Number of spam messages:  747
Number of ham messages:  4827
Total number of messages:  5574


### Feature Engineering: Designing Our Features

Now, we need to design our features to effectively classify messages as spam or ham. For this dataset, we have manually selected a set of keywords that are commonly associated with spam and another set of keywords that frequently appear in ham (non-spam) messages.

Our features are defined as the count of these spam-related and ham-related words that occur in each text message.
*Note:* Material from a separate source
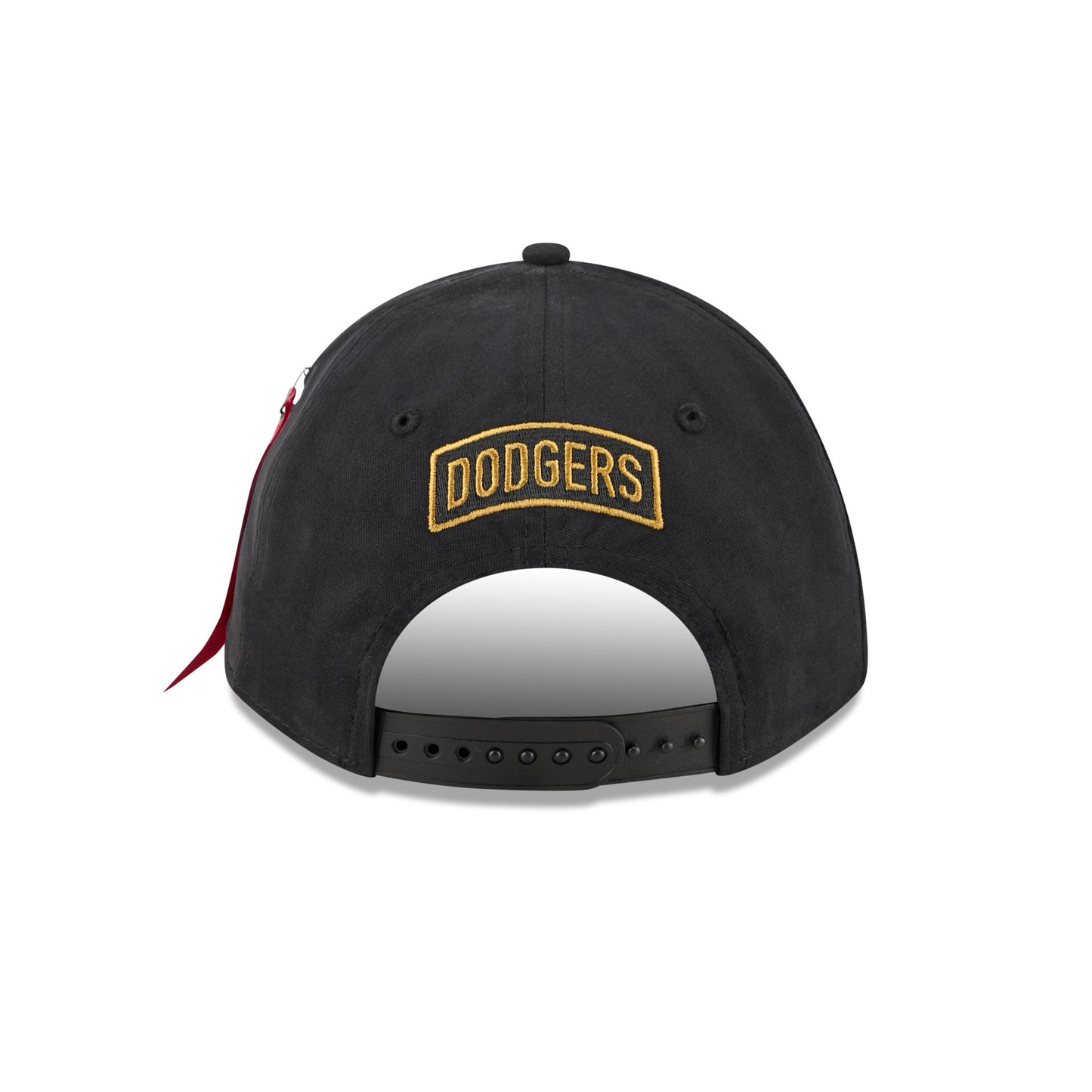 The Alpha Industries x Los Angeles Dodgers Black 9FORTY M-Crown A-Frame Snapback features a gold embroidered Dodgers logo at the front with a matching team wordmark above a snapback closure at the rear. Additional details include the signature Alpha Industries red ribbon at the left-wear side with embroidered gold leaf details at the visor and a black undervisor.

By using these word counts as input features, we aim to capture key patterns that distinguish spam from legitimate messages.

In [2]:
import numpy as np
# using domain knowledge
# list of typical spam words (domain knowledge)
spam_words = set([
    "free", "credit", "loan", "cash",
    "money", "urgent", "sale", "offer",
    "discount", "save", "clearance", "win",
    "winner", "prize", "bonus", "gift",
    "click", "visit", "limited", "today",
    "now", "apply", "easy", "fast",
    "quick", "double", "triple", "guarantee"
])

# list of typical ham words (domain knowledge)
ham_words = set([
    "meeting", "lunch", "dinner", "home",
    "office", "work", "project", "report",
    "email", "phone", "call", "meeting",
    "party", "movie", "game", "play",
    "music", "dance", "book", "read",
    "write", "paint", "draw", "travel",
    "trip", "visit", "family", "friend"
])

# generate features based on the domain knowledge
# feature-1: count of the spam knowledge words
# feature-2: count of the ham knowledge words
features, labels = [], []
for text, label in data:
    text = text.lower()
    words = text.split()
    x = [0, 0]
    for w in words:
        if w in spam_words:
            x[0] += 1
        if w in ham_words:
            x[1] += 1
    features.append(x)
    labels.append(label)

print("Number of features: ", len(features[0]))
print("Number of samples: ", len(features))

features = np.array(features)
labels = np.array(labels)
print("Shape of features: ", features.shape)
print("Shape of labels: ", labels.shape)

Number of features:  2
Number of samples:  5574
Shape of features:  (5574, 2)
Shape of labels:  (5574,)